Lucina gazed to a very far away place. "Maybe we will find the future we came from there. I wonder what has happened to it."

"…Lucina." Robin spoke. "Over this past month, I remembered my past." Lucina's eye flickered to Robin. "I remember being the young woman who would become your mother. I was all brashness with everything to prove after my own mother died."

"You should tell Chrom this."

"I did." Sensing Lucina's impatience, Robin skipped over much of her own nostalgia. "I remember my own father from when I was just old enough to remember things. Your grandfather-" Lucina twitched. Robin noticed, and continued. "Your grandfather was nothing like you know him. He was very kind to your grandmother and I, and actively tried to be a positive influence in my life before your grandmother spirited me away. Even years later when I asked my mother about him, she admitted he would never have settled for anything but the best upbringing I could have had."

"Is there a point to this?" Lucina asked, her voice agitated.

"Yes." Robin responded, calm as always. "The point is, just because something you thought was a bad thing doesn't mean that it always has to be that. And just because someone did something terrible, that does not mean that they always were, or will be. During my month of meditation, I realized, no matter how much I might deny it, Plegia was and always will be my home, and Validar is my father. I am Plegian. You and your brother are just as much of Plegia as you are of Ylisse. You are both children of Naga, and my children. No matter what, I will always protect you."

Lucina was silent at that. After many minutes quietly thinking, she said. "…I can't be. She might be." The young princess had resumed staring at both women. "But I refuse to be Grima's daughter." Lucina turned and walked out to the hall, her path unbarred.

Robin called out to her. "You can't run from your past Lucina. You will only make more of it as you stumble and trip away, until eventually something catches up to you."

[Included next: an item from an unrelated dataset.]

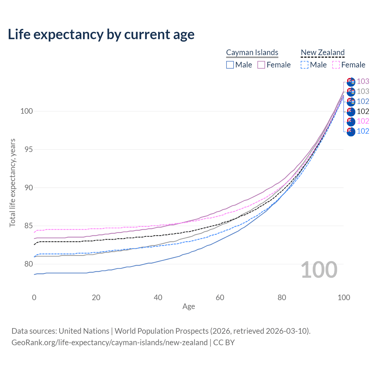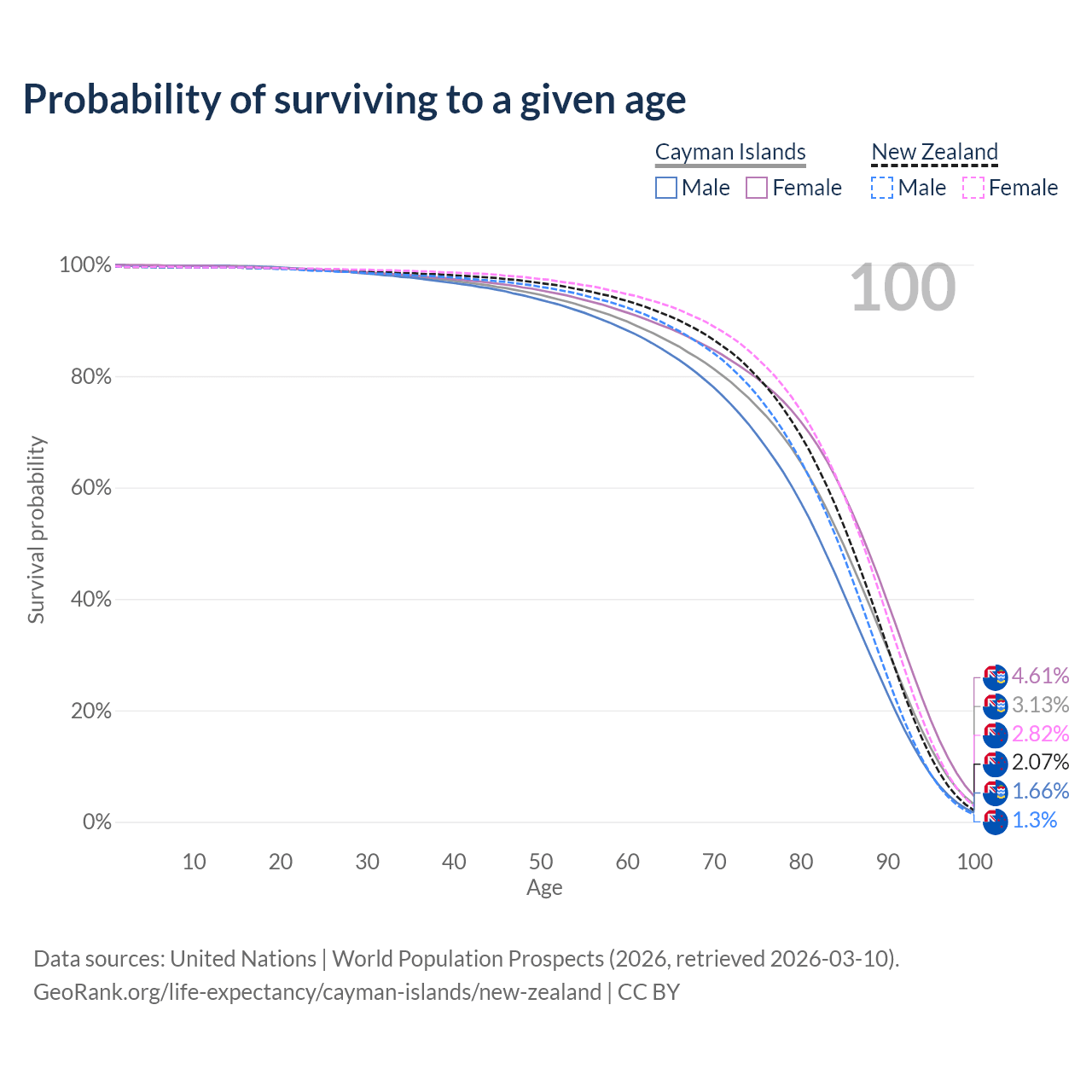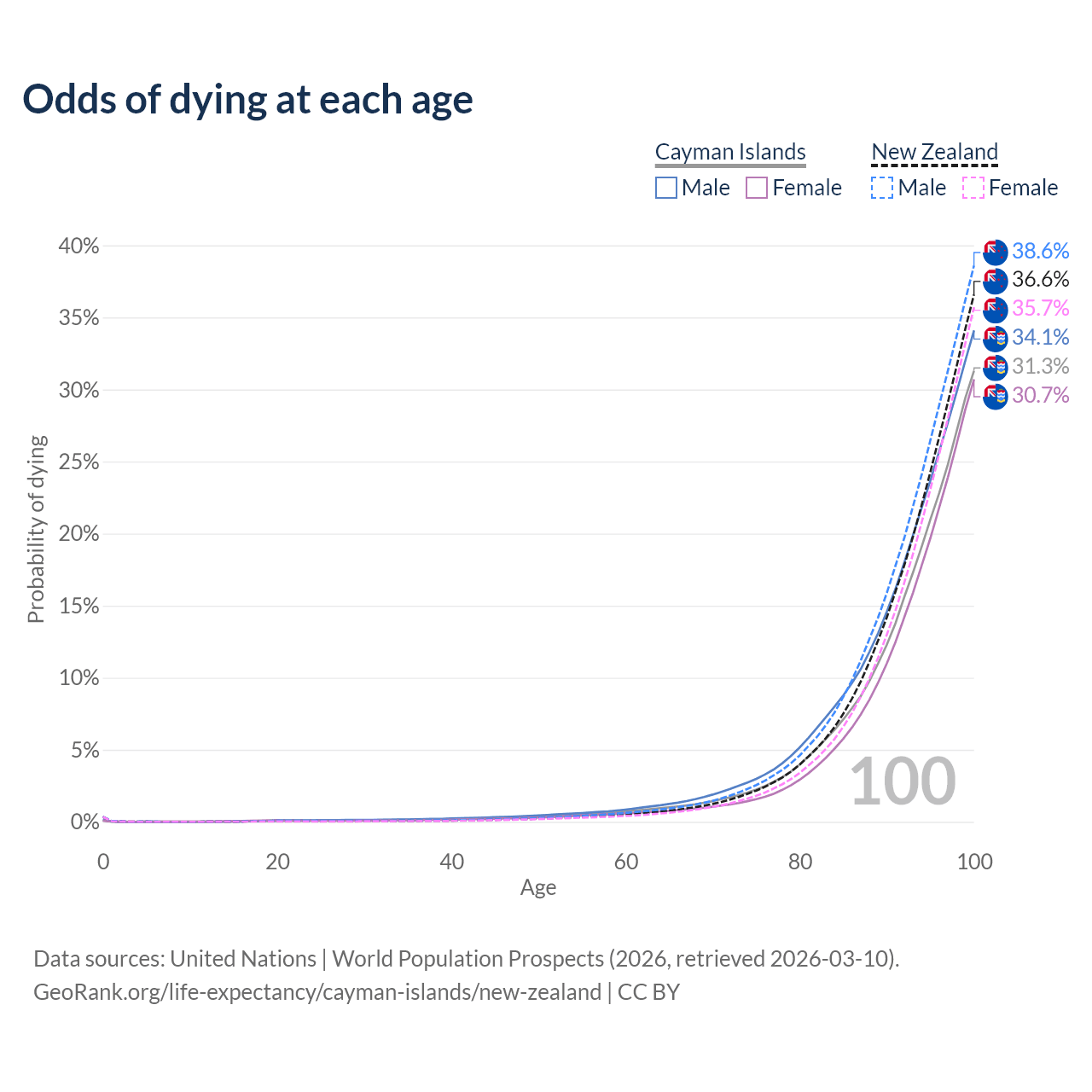 This life expectancy calculator shows the odds of living to 100, 95, 90, and below based on current age for both males and females in the Cayman Islands and New Zealand, along with mean and median age of death. The calculations are based on the 2026 life tables (actuarial tables) from the UN World Population Prospects.

Lucina turned back to Robin with solemn purpose in her tired eyes. "If you ever hurt anyone, I will return to stop you, no matter what."

Robin's glowing red eyes met her gaze, and she said in a small, trembling voice, "Be safe." Lucina turned, and walked down the hallway towards whatever the future held.


Author's note: I am told that there was more demand for this stories continuation. Here is my attempt after lost chapters lovely little night. As for Validar, I always thought that if Awakening was going to copy the Blazing Blade's plot, they could have at least expand on that stories most interesting and vague parts. Alas.